Answer:
(B) 143 N
Step-by-step explanation:
Solving the Problem
We must draw a free body diagram (FBD) to find the force tension applied to the mass.
FBD
The mass has a weight force that points directly downward of the mass, and the force applied onto the mass by the two strings points to the top left and top right of the mass, making the same angle (20 degrees) with the horizontal.
Labeling the x and y components of diagonal forces, we see that the x components cancel out by using our knowledge of similar triangles, which leaves us with an FBD of the mass’s weight force pointing downward and the sum of y components pointing up.

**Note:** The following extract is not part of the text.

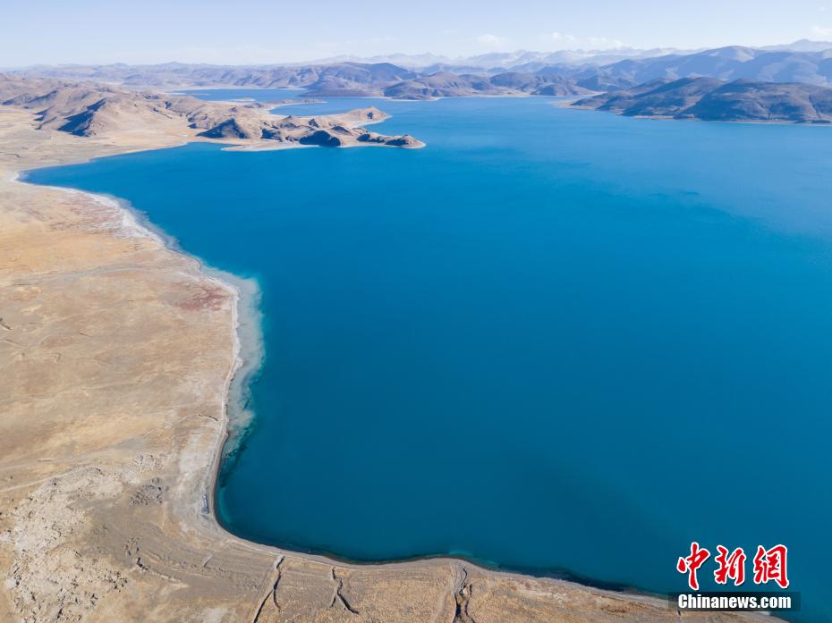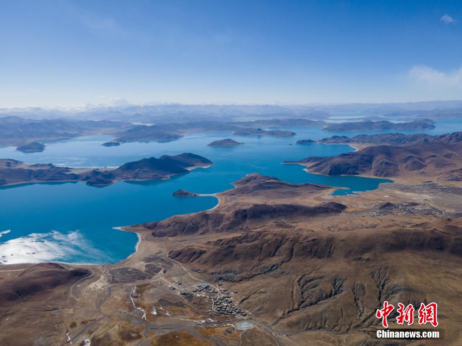 近日,西藏自治區(qū)山南市羊卓雍錯(簡稱羊湖),冬日由于沒有云層遮擋,湖水更顯深藍、孔雀藍。航拍視角下,湖水像巨大的寶石鑲嵌于高原大地,風光壯麗。羊卓雍錯藏語意為“碧玉湖”,湖面海拔4441米,與納木錯、瑪旁雍錯并稱西藏三大“圣湖”。圖為航拍冬日羊卓雍錯。 江飛波 攝

Since the mass isn’t moving, the upward force must equal the downward force (this will mean the net force is 0, which is accurate since the mass isn’t accelerating).
So,
2Fy = W. (1)
Solving for F
The force tension in the y direction can be written using trigonometric functions, specifically the sine function.
sin(20) = Fy/F
The diagonal force tension F, can be considered to be the hypotenuse as the picture depicts a right triangle being made with the string, the wall and the horizontal.
We can rearrange this equation to have Fy in terms of F,
Fsin(20) = Fy.
We can substitute this value into the equation (1).
2Fsin(20) = W
Weight force is equal to the product of mass and the gravitational acceleration (9.8m/s²), so
2Fsin(20) = 10(9.8).
Now we solve for F.
2Fsin(20) = 98
Fsin(20) = 49
F = 49 / sin(20) = 143